California reported far fewer coronavirus cases within the week ending Sunday, adding 17,739 new cases. That’s down 24.8% from the previous week’s toll of 23,598 new cases.
California ranked forty eighth among the many states the place coronavirus was spreading the quickest on a per-person foundation, in line with a USA TODAY Network evaluation of Johns Hopkins University knowledge. Across the state, cases fell in 27 counties, with the perfect declines in Los Angeles, San Bernardino and Orange counties.
In the week ending Sunday, California reported administering one other 3,337,845 vaccine doses, in comparison with 2,791,743 the week earlier than that. In all, the Golden State reported it has administered 26,092,008 doses in a state of about 40 million individuals.
California ranked ninth amongst states within the share of individuals receiving at least one COVID-19 vaccine, with 43.2% of its residents at least partially vaccinated. The nationwide fee is 39.5%, a USA TODAY evaluation of CDC knowledge exhibits.
A complete of three,718,210 individuals in California have examined optimistic for the coronavirus because the pandemic started, and 61,038 individuals have died from the illness, Johns Hopkins University knowledge exhibits.

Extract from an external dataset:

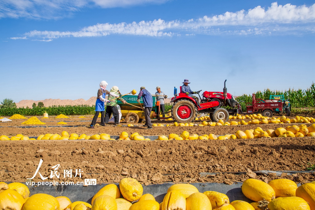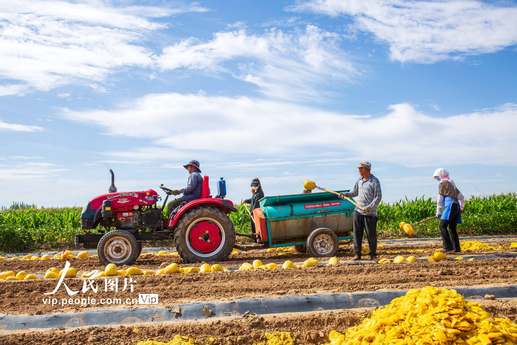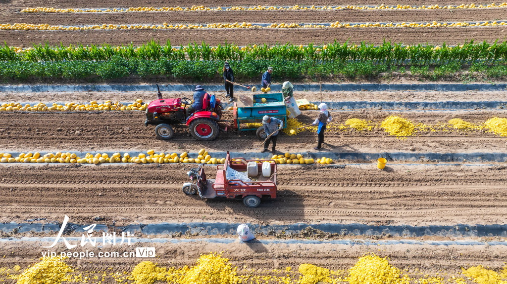 8月9日,甘肃省张掖市高台县罗城镇天城村,制种葫芦喜丰收,村民抢抓晴好天气进行制种葫芦加工取籽作业。 近年来,当地因地制宜调整农业产业结构,结合市场需求,通过“公司+合作社+农户”的模式,积极引导农民种植制种葫芦、丝瓜、西瓜等特色农产品,提高土地综合效益,拓宽农民增收渠道,助力农民增收致富。杨潇摄(人民图片网)

In the United States, 31,670,031 individuals have examined optimistic and 567,217 have died.
What to do together with your COVID-19 vaccination card

Now that you simply’re vaccinated, what do you have to do together with your COVID-19 vaccination card? The Los Angeles Times has some do’s and don’ts for what it refers to “the most exciting piece of paper you’ll get this year.”
Among the do’s: Take a photograph of the entrance and again of your card as a backup.
Among the don’ts: Don’t laminate your card. If at some level you want a vaccine booster, it will should be added. It’s higher to guard your card with a transparent plastic sleeve, like a badge ID holder.
And do not submit an up-close picture of your card on social media. Reason No. 1: It comprises your private information. Reason No. 2: There are loads of individuals making an attempt to create faux playing cards. Why make it simpler for them by offering a latest vaccine lot quantity? More succinctly: Don’t be like this man.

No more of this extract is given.